Below we utilize the @typedispatch decorator to completely change how we'll tokenize the data for the `ForQuestionAnsweringTask`.

In [None]:
#export
@typedispatch
def build_hf_input(task:ForQuestionAnsweringTask, tokenizer, 
                   a_tok_ids, b_tok_ids=None, targets=None,
                   max_length=512, pad_to_max_length=True, truncation_strategy=None):

    if (truncation_strategy is None):
        truncation_strategy = "only_second" if tokenizer.padding_side == "right" else "only_first"

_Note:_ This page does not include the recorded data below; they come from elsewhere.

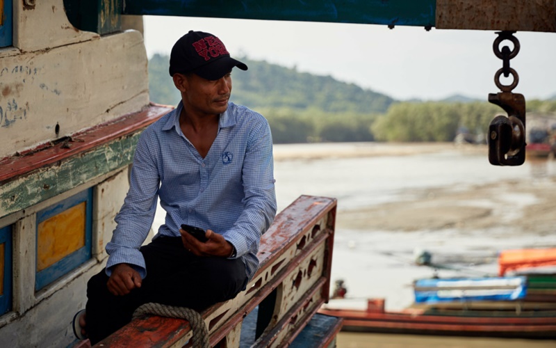 Caption: A fisherman uses his mobile phone on a fishing vessel in the south of Thailand. Photo credit: Thai Union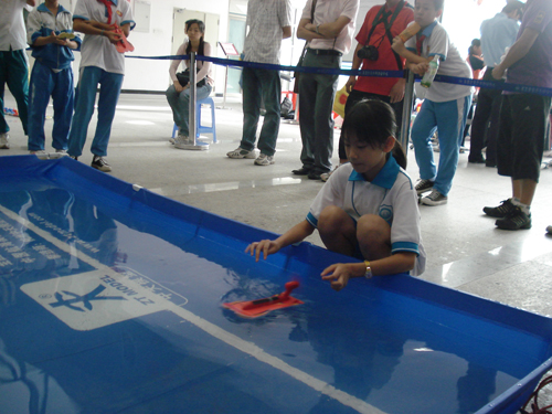 直线竞速赛分为预赛和淘汰赛。前两个项目的比赛现场气气氛比较激烈,而本项目的比赛则“风平浪静”,却又“暗流涌动”。竞速赛比的是航行距离,及相同航行距离所用时间长短,参赛选手的镇定和现场调试、放航水平非常关键。选手把调试好的赛艇放在起点,随着裁判的一声“开始”,赛艇平稳起航。有的赛艇直线起航,中途却偏移方向,影响了航程;有的赛艇载着选手的希望,直奔100分、110分、120分,引得观众和教练赞叹不已;还有的选手根据上一轮的不良情况,及时对赛艇进行调试,或是更改放航的方向,成绩明显好转……石龙中心小学的陈安琦同学,预赛时由于制作的快艇没有调试到最佳状态,放航时又比较紧张,影响了成绩,排名较后。PK赛时对手预赛的成绩远远高于她,但她及时调整了心态,从容不迫把赛艇和自己的放航调整到最佳状态。一路过关斩将,勇夺小学女子组冠军,成绩得来实在不易。本次直线竞速比赛还值得一提的是,小学男子组冠亚军之战是在石龙明德小学的两位小选手之是展开的。两位选手场外如兄弟,场内俨然一对对手,在最后的决赛中,陈路最终技高一筹夺得小学男子组冠军。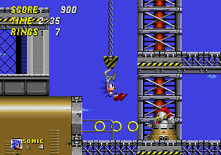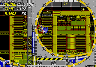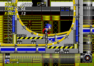 Flash through a high-tech maze built of pipes and ducts. Robotnik's flooded the factory with a pool of toxic liquid called "Mega Mack" that poisons Sonic in a few moments of contact.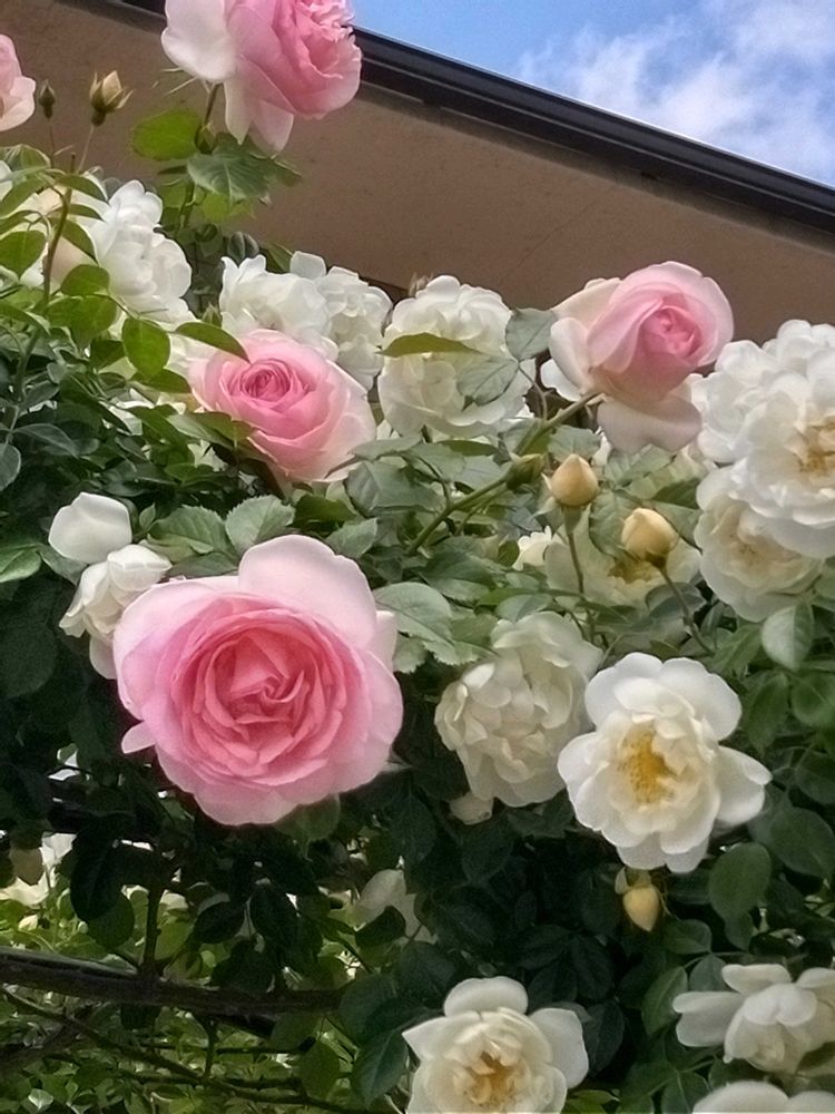 連休明けて仕事に行ったら、職場のお隣の薔薇屋敷、一週間で満開に成っていました。

    res = tokenizer.prepare_for_model(a_tok_ids if tokenizer.padding_side == "right" else b_tok_ids, 
                                      b_tok_ids if tokenizer.padding_side == "right" else a_tok_ids,
                                      max_length=max_length, 
                                      pad_to_max_length=pad_to_max_length,
                                      truncation_strategy=truncation_strategy, 
                                      return_special_tokens_mask=True,
                                      return_tensors='pt')
    
    input_ids = res['input_ids'][0]
    attention_mask = res['attention_mask'][0] if ('attention_mask' in res) else tensor([-9999]) 
    token_type_ids = res['token_type_ids'][0] if ('token_type_ids' in res) else tensor([-9999]) 
    
    # cls_index: location of CLS token (used by xlnet and xlm) ... this is a list.index(value) for pytorch tensor's
    cls_index = (input_ids == tokenizer.cls_token_id).nonzero()[0]
    
    # p_mask: mask with 1 for token than cannot be in the answer, else 0 (used by xlnet and xlm)
    p_mask = tensor(res['special_tokens_mask']) if ('special_tokens_mask' in res) else tensor([-9999]) 
    
    return HF_BaseInput([input_ids, attention_mask, token_type_ids, cls_index, p_mask]), targets

And here we demonstrate some more of the extensibility bits of the framework, by passing in our own instance of `HF_BatchTransform`.

In [None]:
# (optional): override HF_BatchTransform defaults
hf_batch_tfm = HF_BatchTransform(hf_arch, hf_tokenizer, max_seq_len=max_seq_len, truncation_strategy=None, 
                                 task=ForQuestionAnsweringTask())

blocks = (
    HF_TextBlock(hf_arch, hf_tokenizer, hf_batch_tfm=hf_batch_tfm), 
    CategoryBlock(vocab=vocab),
    CategoryBlock(vocab=vocab)
)

dblock = DataBlock(blocks=blocks, 
                   get_x=lambda x: (x.question_text, x.context),
                   get_y=[ColReader('answer_start'), ColReader('answer_end')],
                   splitter=RandomSplitter(),
                   n_inp=1)

In [None]:
dls = dblock.dataloaders(squad_df, bs=4)

In [None]:
b = dls.one_batch(); len(b), len(b[0]), len(b[1]), len(b[2])

(3, 5, 4, 4)

In [None]:
b[0][0].shape, b[0][1].shape, b[0][2].shape, b[0][3].shape, b[0][4].shape, b[1].shape, b[2].shape

(torch.Size([4, 128]),
 torch.Size([4, 128]),
 torch.Size([4, 1]),
 torch.Size([4, 1]),
 torch.Size([4, 128]),
 torch.Size([4]),
 torch.Size([4]))

In [None]:
dls.show_batch(hf_tokenizer=hf_tokenizer, skip_special_tokens=False, max_n=2)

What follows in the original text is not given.